• [Work required]:
Please transcribe all of the entries exactly, leaving out any images.

• [Supplied data]:
*** Block opens ***

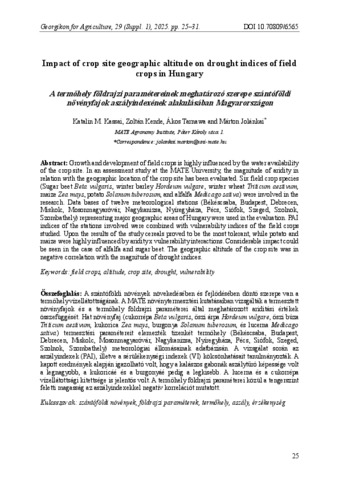 Kassai, Mária Katalin and Kende, Zoltán and Tarnawa, Ákos and Jolánkai, Márton (2025) Impact of crop site geographic altitude on drought indices of field crops in Hungary. GEORGIKON FOR AGRICULTURE: A MULTIDISCIPLINARY JOURNAL IN AGRICULTURAL SCIENCES, 29 (Sup 1). pp. 25-31. ISSN 0239-1260
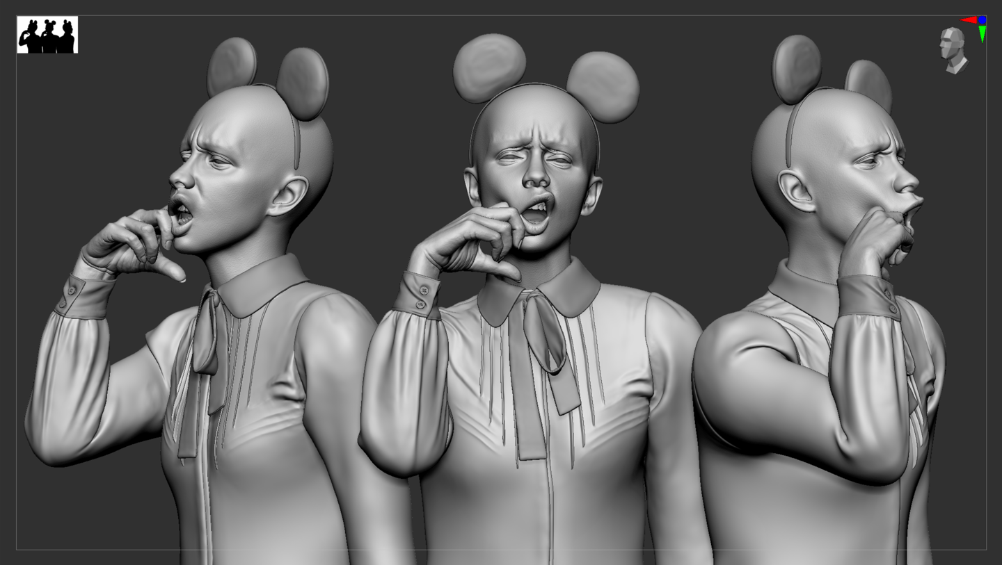 You can start a base mesh from scratch in ZBrush or purchase one online. However, if you purchase a base mesh, make sure the topology is clean. Since Mad mouse has a strong expression, it was necessary to modify the topology.
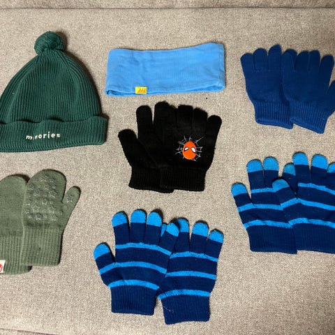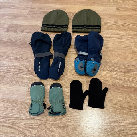 Vinterpakke med 5x lua og 9x tynne votter for barn 1-2år
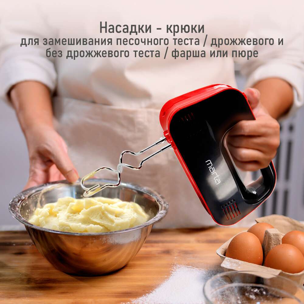 Миксер ручной MARTA MT-MX1524A, мощность 500Вт, 3 скорости, 4 насадки, темный рубин: сравнение цен, характеристики, фото, актуальное наличие и цены.
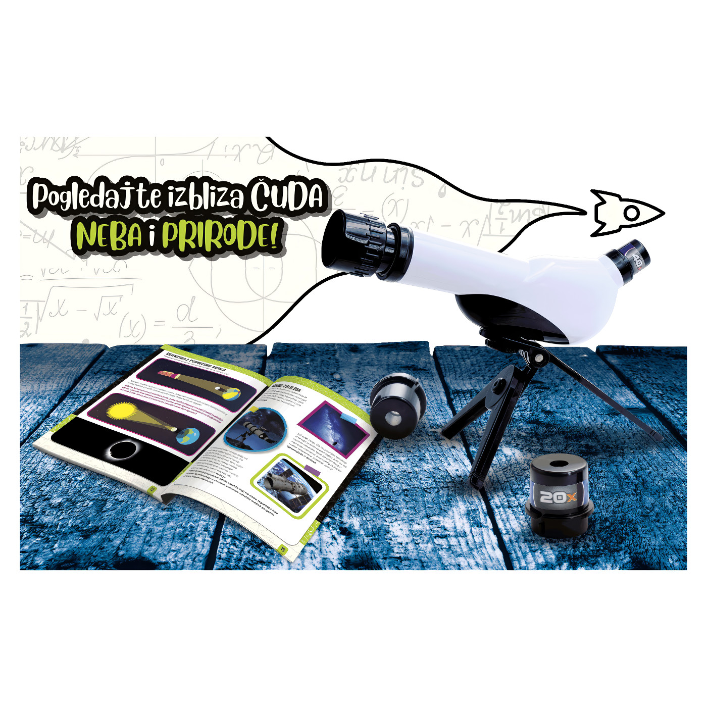 Uz visokokvalitetni teleskop s čak tri mogućnosti uvećanja, promatranje Mjeseca, planeta i dalekih krajolika postaje prava znanstvena pustolovina. S ilustriranim priručnikom lako ćete naučiti kako koristiti teleskop te saznati više o Sunčevom sustavu i fazama Mjeseca. Sve je prilagođeno početnicima, tako da prve korake u astronomiji možete napraviti s pouzdanjem i veseljem.
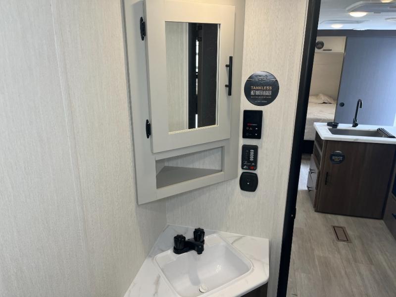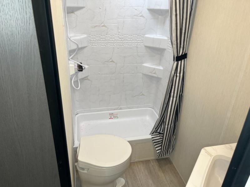 With any Avenger travel trailer by Prime Time RV, you will find innovation, a solid build, and comfort at every turn. Each model is built with Tuff Coat on the exterior metal, a fully enclosed underbelly, and a PVC roof membrane to help extend the life of your trailer. You will also find automotive name badging on the exterior, along with an exterior shower, front rail LED light strips, plus an XL padded entry grab handle to name a few conveniences. There are plenty of storage spaces inside, as well as Congoleum flooring and woven PVC marine grade slide out flooring, a designer shower surround, and seamless pressed countertops. You are sure to appreciate the onboard water filtration system, tankless water heater, plus 30K BTU furnace and 15K ducted A/C to help keep you comfortable.
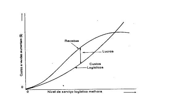 Custos logísticos tendem a crescer a taxas crescentes à medida que o nível de serviço melhora, conforme indica a figura seguinte.

*** Block closes ***

• [Response]:
 Kassai, Mária Katalin and Kende, Zoltán and Tarnawa, Ákos and Jolánkai, Márton (2025) Impact of crop site geographic altitude on drought indices of field crops in Hungary. GEORGIKON FOR AGRICULTURE: A MULTIDISCIPLINARY JOURNAL IN AGRICULTURAL SCIENCES, 29 (Sup 1). pp. 25-31. ISSN 0239-1260
 You can start a base mesh from scratch in ZBrush or purchase one online. However, if you purchase a base mesh, make sure the topology is clean. Since Mad mouse has a strong expression, it was necessary to modify the topology.
 Vinterpakke med 5x lua og 9x tynne votter for barn 1-2år
 Миксер ручной MARTA MT-MX1524A, мощность 500Вт, 3 скорости, 4 насадки, темный рубин: сравнение цен, характеристики, фото, актуальное наличие и цены.
 Uz visokokvalitetni teleskop s čak tri mogućnosti uvećanja, promatranje Mjeseca, planeta i dalekih krajolika postaje prava znanstvena pustolovina. S ilustriranim priručnikom lako ćete naučiti kako koristiti teleskop te saznati više o Sunčevom sustavu i fazama Mjeseca. Sve je prilagođeno početnicima, tako da prve korake u astronomiji možete napraviti s pouzdanjem i veseljem.
 With any Avenger travel trailer by Prime Time RV, you will find innovation, a solid build, and comfort at every turn. Each model is built with Tuff Coat on the exterior metal, a fully enclosed underbelly, and a PVC roof membrane to help extend the life of your trailer. You will also find automotive name badging on the exterior, along with an exterior shower, front rail LED light strips, plus an XL padded entry grab handle to name a few conveniences. There are plenty of storage spaces inside, as well as Congoleum flooring and woven PVC marine grade slide out flooring, a designer shower surround, and seamless pressed countertops. You are sure to appreciate the onboard water filtration system, tankless water heater, plus 30K BTU furnace and 15K ducted A/C to help keep you comfortable.
 Custos logísticos tendem a crescer a taxas crescentes à medida que o nível de serviço melhora, conforme indica a figura seguinte.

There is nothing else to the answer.